Once a single /dev/video0 node has been populated it is possible for
Here is a typo, /dev/video0 should be replaced by something like /dev/videoX.
camss_find_sensor_pad to run. This routine scans through a list of media entities taking a pointer pad = media_entity->pad[0] and assuming that pointer is always valid.
It is possible for both the enumeration loop in msm_vfe_register_entities() and a call from user-space to run concurrently.
Here comes my insufficient understanding, please explain further.
Per se this concurrent execution shall not lead to the encountered bug, both an initialization of media entity pads by media_entity_pads_init() and a registration of a v4l2 devnode inside msm_video_register() are done under in a proper sequence, aren't they?
From what I read there is no bug stated.
Adding some deliberate sleep code into the loop in msm_vfe_register_entities() and constructing a user-space program to open every /dev/videoX node in a tight continuous loop, quickly shows the following error.

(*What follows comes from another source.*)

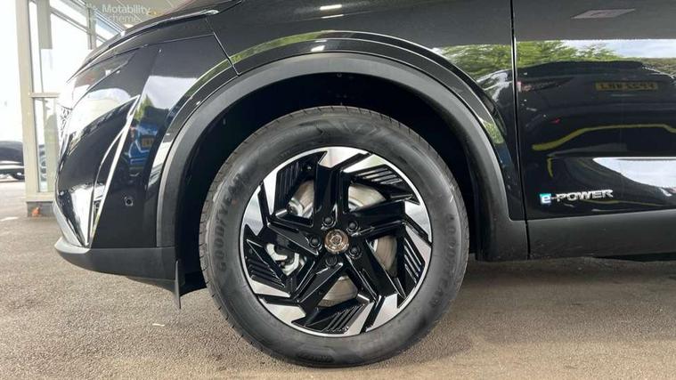 2 front USB-C ports, 2 rear USB-C ports, 360 degree Intelligent around view monitor with moving object detection, Blind spot warning, Drive assist custom mode, Drive modes (sport, normal, eco), Driver drowsiness and attention warning, e-Pedal step, Electric speed sensitive power steering, Emergency and breakdown call, Emergency lane keep assist, Emergency Stop Signal (ESS), Engine start/stop button, EV mode switch, Event data recorder, Front and rear parking sensors, Full Digital 12.3" TFT Digital Combimeter, Google virtual personal assistance, Idle stop/start system, In-car WIFI hotspot, Intelligent Cruise control (ICC), Intelligent driver alert system, Intelligent forward collision warning, Intelligent lane intervention, Intelligent speed assist, Lane departure warning system, Maximum speed limiter, Nissan connect 12.3 inch touchscreen infotainment system, Nissan connect navigation with google maps, Nissan connect services 2.0 (Google Automotive System), Outside temperature sensor, Propilot assist with Navi-Link, ProPilot park, Rear cross traffic alert, Remote control services - door locks, lights, horn and car locator, Reversing detection, Traffic jam pilot, Traffic sign recognition with legal speed adjustment, Trip computer, Wireless Apple CarPlay/Android Auto, Wireless charging pad, Limited slip differential, 6 speakers, AM/FM audio system with DAB, Bluetooth audio streaming, Auto dimming frameless rear view mirror, Auto rear wiper when reversing, Body colour mirror caps, Body coloured door handles, Bodyside mouldings, Chrome side window finisher, e-POWER badging, Electric auto folding door mirrors, Electrically adjustable and heated door mirrors with LED turn indicator, Follow me home headlights, High beam assist, Intelligent auto headlights, LED 3rd brake light, LED daytime running lights, LED Headlights, LED rear lights, One touch front and rear electric windows with remote opening and closing, One touch passenger window, Partially body coloured bumpers, Rain sensing wipers, Rear privacy glass, Rear roof spoiler, Rear side wing doors, Rear styling plate, Shark fin antenna, Silver roof rails, Splash free rain sensing wipers, Super UV and infrared cut glass, Three blink turn signal, 12v power socket in dashboard and luggage, 3 bench rear seats in 2nd row, 3 rear headrests, 60/40 split folding rear seat bench, Chrome interior door handles, Cloth upholstery, Driver and passenger sunvisors with illuminated vanity mirrors, Driver seat back pocket, Dual zone automatic climate control with pollen filter, e-POWER shifter, Electrically adjustable lumbar support for driver, Front centre console and armrest, Front cupholders, Front door with bottle holders, Height adjustable driver seat, Height adjustable front headrests, Height adjustable passenger seat, Luggage board system, Luggage space lighting, Multifunction steering wheel, Passenger seat back pocket, Rear door bottle holders, Rear seat armrest with 2 cupholders, RGB ambient light (Full area coverage), Single front passenger seat, Smooth leather steering wheel, Tilt/telescopic adjustable steering wheel, Two rear isofix child seat anchorage points with top tether, 3x3 point rear seatbelt pretensioners + load limiters, ABS with EBD and brake assist, Autonomous emergency braking, Child locks on rear doors, Curtain and front side, far side airbags, Driver and passenger airbags, Driver, passenger and 2nd row rear seat belt reminder, Electric handbrake with auto hold function, Front seatbelt pretensioners + load limiters, Height adjustable front seatbelts, Hill start assist, Intelligent blind spot intervention, intelligent front emergency braking, Intelligent rear automatic braking, Tyre pressure monitoring system, Vehicle dynamic control, Engine immobiliser, Intelligent key with walk away lock and approach unlock functions, Remote central door locking with deadlocking, Thatcham alarm, 18" Diamond cut alloy wheels, Tyre puncture repair kit,

[ 691.074558] Unable to handle kernel NULL pointer dereference at virtual address 0000000000000030 [ 691.074933] Call trace: [ 691.074935] camss_find_sensor_pad+0x74/0x114 [qcom_camss] (P) [ 691.074946] camss_get_pixel_clock+0x18/0x64 [qcom_camss] [ 691.074956] vfe_get+0xc0/0x54c [qcom_camss] [ 691.074968] vfe_set_power+0x58/0xf4c [qcom_camss] [ 691.074978] pipeline_pm_power_one+0x124/0x140 [videodev] [ 691.074986] pipeline_pm_power+0x70/0x100 [videodev] [ 691.074992] v4l2_pipeline_pm_use+0x54/0x90 [videodev] [ 691.074998] v4l2_pipeline_pm_get+0x14/0x20 [videodev] [ 691.075005] video_open+0x74/0xe0 [qcom_camss] [ 691.075014] v4l2_open+0xa8/0x124 [videodev] [ 691.075021] chrdev_open+0xb0/0x21c [ 691.075031] do_dentry_open+0x138/0x4c4 [ 691.075040] vfs_open+0x2c/0xe8 [ 691.075044] path_openat+0x6f0/0x10a0 [ 691.075050] do_filp_open+0xa8/0x164 [ 691.075054] do_sys_openat2+0x94/0x104 [ 691.075058] __arm64_sys_openat+0x64/0xc0 [ 691.075061] invoke_syscall+0x48/0x104 [ 691.075069] el0_svc_common.constprop.0+0x40/0xe0 [ 691.075075] do_el0_svc+0x1c/0x28 [ 691.075080] el0_svc+0x30/0xcc [ 691.075085] el0t_64_sync_handler+0x10c/0x138 [ 691.075088] el0t_64_sync+0x198/0x19c
Taking the vfe->power_lock is not possible since v4l2_device_register_subdev takes the mdev->graph_lock. Later on fops->open takes the mdev->graph_lock followed by vfe_get() -> taking vfe->power_lock.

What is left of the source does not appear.